ACTION ITEM: Pictures must not appear in the copy. Set down exactly the line with "Sonia-kemeja Jeans Kombi" and each line after it through the end of the data below.

SOURCE RECORDS:

+---+

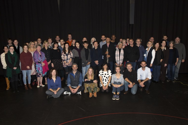 Black Swan STC - Caucasian Chalk Circle - group shot, photographed in rehearsal room #1 at the State Theatre, corner William and Roe Streets, Northbridge. BSSTC’s first international collaboration – with National Theatre of China (Beijing). guest director Wang Xiaoying, vice-president of the National Theatre of China, whose staging of this Chalk Circle as a Chinese parable brings it full circle to the original tale that inspired Brecht. The costumes were designed by Zhao Yan and the masks by Zhang Huaxiang both Beijing based Chinese theatre professionals. Set design was by Australia’s Richard Roberts, and music by Nyoongar composer Clint Bracknell. Black Swan’s 25th anniversary year is the inspiration of exiting artistic director Kate Cherry. The performance ran 30 July - 14 August 2016 at Heath Ledger Theatre (W.A. State Theatre). Photographed 30 June 2016.Front seated (L-R): cast member Caitlin Beresford-Ord, production member Brendan Hanson, female lead “Grusha” Alex Malone, cast member Kylie Farmer, cast member Alison van Reeken, cast member Steve Turner, cast member Stuart Halusz. Middle Row standing: production person Chantelle Iemma, Andrea McIntyre, BSSTC production person Maddy Jolly Fuentes, BSSTC production person Alena Tompkins, BSSTC production person Amanda Luke, cast member Felicity McKay, Jessica Knight, Jeffrey Jay Fowler (writer/dtr), Georgia Landre-Ord , Lawrie Cullen-Tait (BSSTC writer/director), CCC Chinese assistant-director Felix Ching Ching Ho , CCC Chinese creative Tao Chen, CCC Director Dr Wang Xiaoying, Dr Richard Walley (Nyoongar leader), cast member Lynn Narkle, Lighting designer Mark Howett, cast member Geoff Kelso, BSSTC General Manager Natalie Jenkins, production Hellie Turner, PR/Publicity Irene Jarzabek, production Polly Low Back row standing: production person unknown, production person unknown, (obscured) unknown, production person Kerry Miller, production person Jordan Nix, cast member Adam Booth, Production Manager Peter Sutherland, Chinese translator Dr Gary Sigley, backstage mgr Garry Ferguson (partly obscured), Maria Sioulas - Marketing Mgr, Nyoongar composer Clint Bracknell, cast member Kenneth Ransom, (partly obscured)?, Rebekah Ryan, (partly obscured)?, (obscured behind Geoff Kelso)?, Richard Roberts – set designer, cast member James Sweeny, cast member Luke Hewitt.
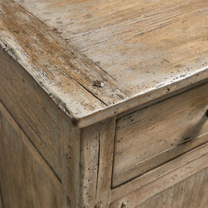 The sideboard offers practical storage with two upper drawers and four doors, each with carved panels and adjustable shelves inside. Hand-cast metal knobs and textured pulls add a crafted feel, while mitered corners and a smooth top edge give it a simple, elegant look. This piece adds warmth, character, and useful style to dining rooms, living areas, or farmhouse-inspired spaces.
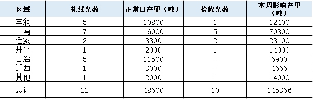 中商網訊:本周唐山18家145帶鋼廠22條帶鋼線中,10條檢修或停產,影響產量1.45萬噸,產能利用率為57.27%,較上周上漲1.67%,12條帶鋼線正常生產,開工率為54.55%,較上周下降4.55%。
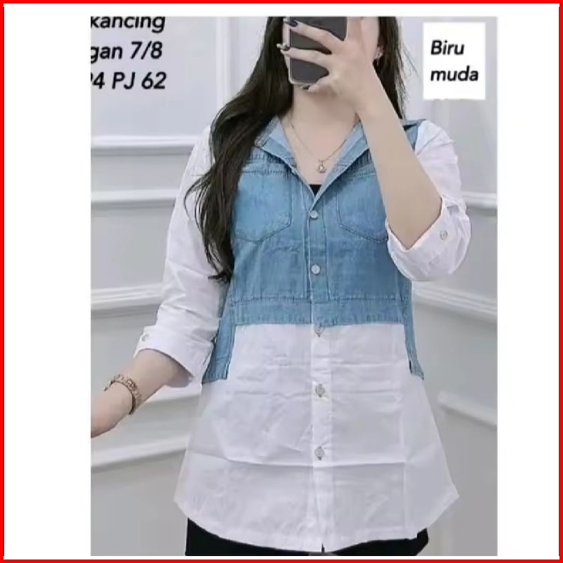 Sonia-kemeja Jeans Kombi Wanita Terbaru Atasan Wanita Bermotif Bangkok Korean Skinny
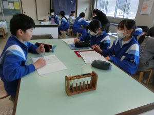 先日、中学校の入学説明会に行ってきた6年生です。静かにノートにまとめる姿から、中学校進学を意識しているように感じました。

+---+

TASK ANSWER:
 Sonia-kemeja Jeans Kombi Wanita Terbaru Atasan Wanita Bermotif Bangkok Korean Skinny
 先日、中学校の入学説明会に行ってきた6年生です。静かにノートにまとめる姿から、中学校進学を意識しているように感じました。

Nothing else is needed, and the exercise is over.